Family Medicine is a Dumping Ground for Other People’s Work

“Family Doctor can arrange for CT scan and then I’ll see patient in one year.”

“Patient can follow up with Family Doctor to remove the stiches.”

“Patient can follow up with Family Doctor to review pathology results.”

“I suggest patient needs blood tests. Family Doctor can order.”

“I suggest patient needs a medication. Family doctor can prescribe.”

If you’re a Family Doctor, you’ll undoubtedly recognize all these expressions. And dozens more like them.

If you’re a Specialist, perhaps you’ve written or dictated phrases like these?

A System in Crisis

It’s no secret that our entire health system is in crisis. Its foundation, Family Medicine, is crumbling. Look no further than your daily newsfeed over the past several months. Every week there multiple headlines about the nearly 2 million Ontarians without a Family Doctor. And about how Family Doctors are leaving or retiring, so it’s only going to get worse.

Scariest of all, despite the recovery and resurgence since the 1990s, Family Medicine is again becoming less and less appealing. Fewer medical students are choosing to go into family medicine. The costs of running a Family Medicine Clinic are enormous.

There’s a colossal amount of administrative burden in Family Medicine. Some of it comes with the territory. But a significant portion of work falls upon the shoulders of Family Doctors because others deflect it there.

Family Medicine is dumping ground for others’ scut work. And it needs to stop.

It’s a Two-Way Street

Admittedly, this article contains some finger-pointing.

Just the same, we Family Doctors must also look in the mirror. We have an obligation to provide high quality care and collegiality to our specialist colleagues.
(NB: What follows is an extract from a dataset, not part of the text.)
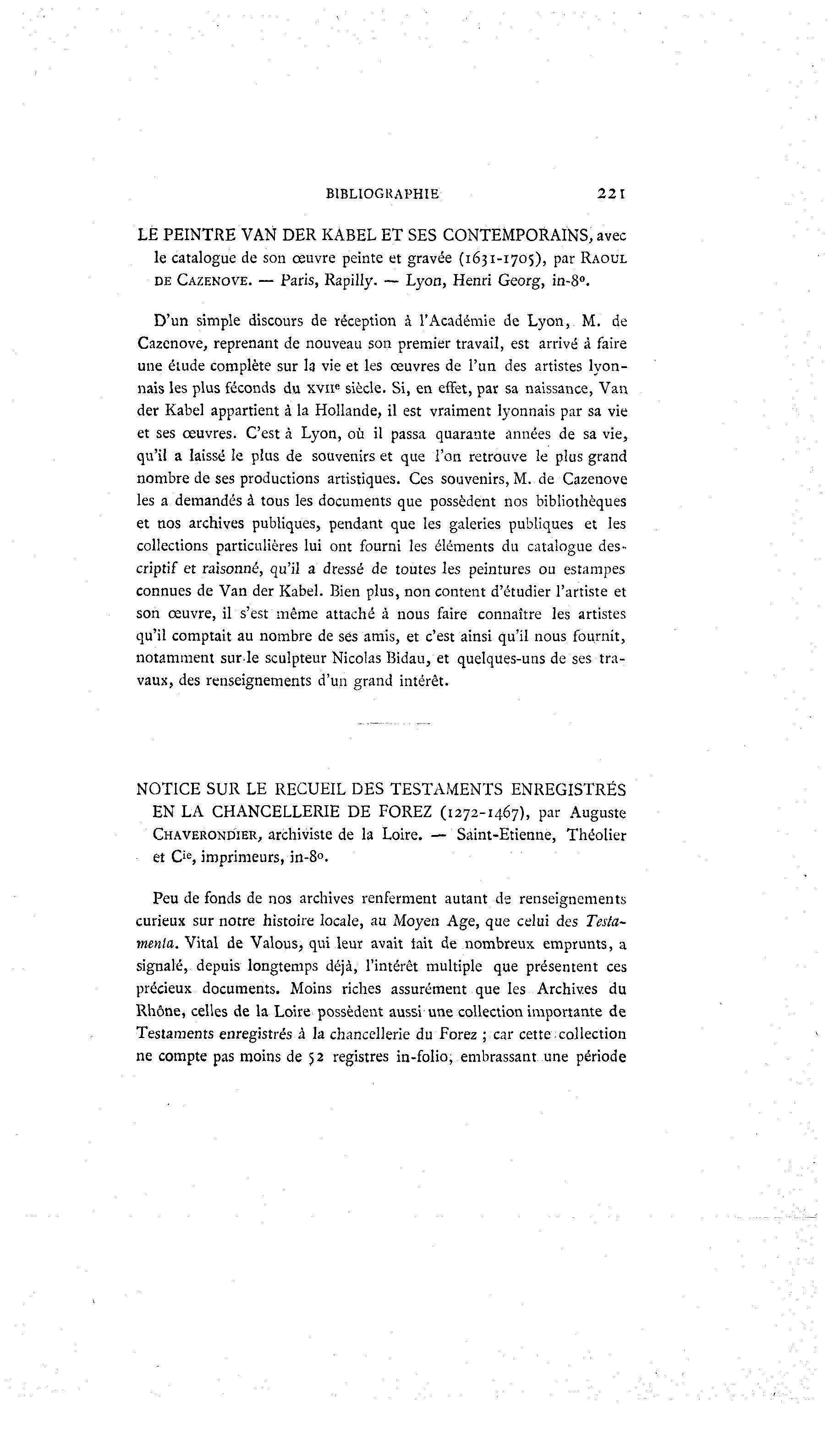 BIBLIOGRAPHIE 221 LÉ PEINTRE VAN DER KABEL ET SES CONTEMPORAINS, avec le catalogue de son œuvre peinte et gravée (1631-1705), par RAOUL DE CAZENOVE. — Paris, Rapilly. — Lyon, Henri Georg, in-8°. D'un simple discours de réception à l'Académie de Lyon, M. de Cazenove, reprenant de nouveau son premier travail, est arrivé à faire une élude complète sur la vie et les œuvres de l'un des artistes lyon- nais les plus féconds du XVIIe siècle. Si, en effet, par sa naissance, Van der Kabel appartient à la Hollande, il est vraiment lyonnais par sa vie et ses œuvres. C'est à Lyon, où il passa quarante années de sa vie, qu'il a laissé le plus de souvenirs et que l'on retrouve le plus grand nombre de ses productions artistiques. Ces souvenirs, M. de Cazenove les a demandés à tous les documents que possèdent nos bibliothèques et nos archives publiques, pendant que les galeries publiques et les collections particulières lui ont fourni les éléments du catalogue des- criptif et raisonné, qu'il a dressé de toutes les peintures ou estampes connues de Van der Kabel. Bien plus, non content d'étudier l'artiste et son œuvre, il s'est même attaché à nous faire connaître les artistes qu'il comptait au nombre de ses amis, et c'est ainsi qu'il nous fournit, notamment surle sculpteur Nicolas Bidau, et quelques-uns de ses tra- vaux, des renseignements d'un grand intérêt. NOTICE SUR LE RECUEIL DES TESTAMENTS ENREGISTRÉS EN LA CHANCELLERIE DE FOREZ (1272-1467), par Auguste CHAVERONDIER, archiviste de la Loire. — Saint-Etienne, Théolier et Cie, imprimeurs, in-8°. Peu de fonds de nos archives renferment autant de renseignements curieux sur notre histoire locale, au Moyen Age, que celui des Testa- menla. Vital de Valous, qui leur avait iait de nombreux emprunts, a signalé, depuis longtemps déjà , l'intérêt multiple que présentent ces précieux documents. Moins riches assurément que les Archives du Rhône, celles de la Loire possèdent aussi une collection importante de Testaments enregistrés à la chancellerie du Forez ; car cette collection ne compte pas moins de 52 registres in-folio, embrassant une période

Also, none of this is meant to paint broad strokes. Many Specialists are fantastic. They follow patients comprehensively and never offload work. Accordingly, I suspect that many will be surprised to hear the common occurrences to follow.
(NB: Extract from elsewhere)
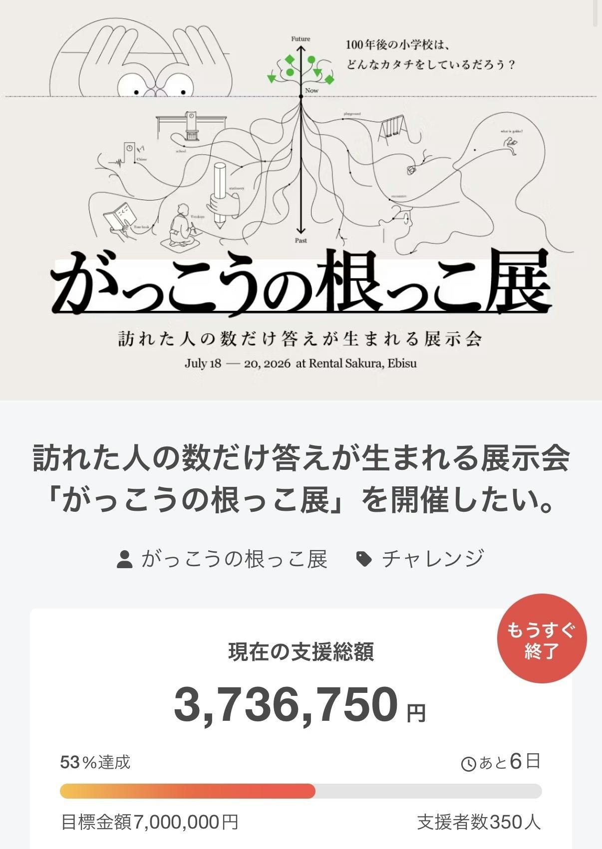 クラウドファンディング終了まであと6日、というタイミングではありますが、

I’ll come back to this at the end, but I first wanted to acknowledge the matter so it doesn’t pose as a distracting elephant in the room throughout.
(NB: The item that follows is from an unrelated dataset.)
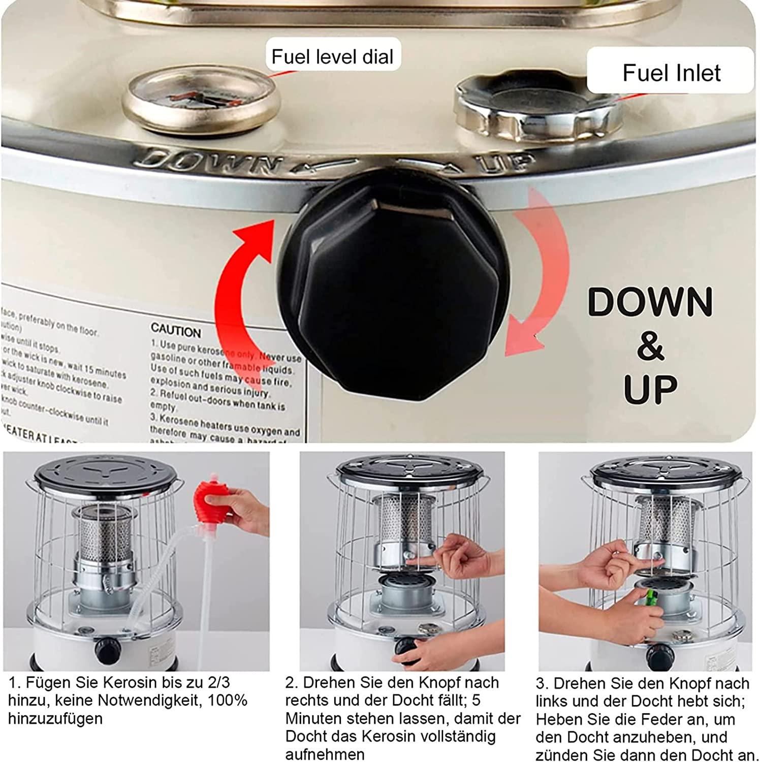 - ✿ Safe to use: Contains a kerosene plan so you can check fuel consumption at any time. With tilt angle automatic shut-off (anti-tilt), automatic erase function and hypoxi protection for safe use indoors and outdoors.

A Review of the Schedule of Benefits

The Ontario Schedule of Benefits is explicit on many points.

First of all, the Schedule of Benefits clearly states the Common Elements and obligations that are included under any fee code that a physician bills. See General Preamble Pages 13-14:

Furthermore, the Schedule of Benefits clearly states Specific Elements and obligations that are also included in fee codes.

Whether it be for Assessment Fee Codes (General Preamble Page 15):

Or Surgical Fee Codes (Surgical Preamble Page 1):

Or even Psychology and Counselling Fee Codes (General Preamble Page 54):

The point is, when a Specialist provides a service to a patient and bills OHIP for the corresponding fee code, that includes an obligation to fulfill all of the requirements.

I’d like to highlight a few of the explicitly clear, yet often ignored, elements:

  • Being available to provide follow-up, or arranging for coverage when not available.
  • Scheduling own appointments.
  • Providing prescriptions related to the service.
  • The administrative work related to the service.
  • Making arrangements for any related visits, procedures, tests, or treatments.
  • Interpreting results.
  • Continued monitoring of the patient between visits.
  • Providing all of the overhead related to the service (premises, equipment, supplies, and personnel).
  • For surgical procedures, all post-op care associated with the procedure for up to two weeks post-operatively is included in the fee code.

So, thinking back to the opening of this article, how/why/when did any of these phrases become acceptable?:

“Family Doctor can arrange for CT scan and then I’ll see patient in one year.”

“Patient can follow up with Family Doctor to remove the stiches.”

“Patient can follow up with Family Doctor to review pathology results.”

“I suggest patient needs blood tests. Family Doctor can order.”

“I suggest patient needs a medication. Family doctor can prescribe.”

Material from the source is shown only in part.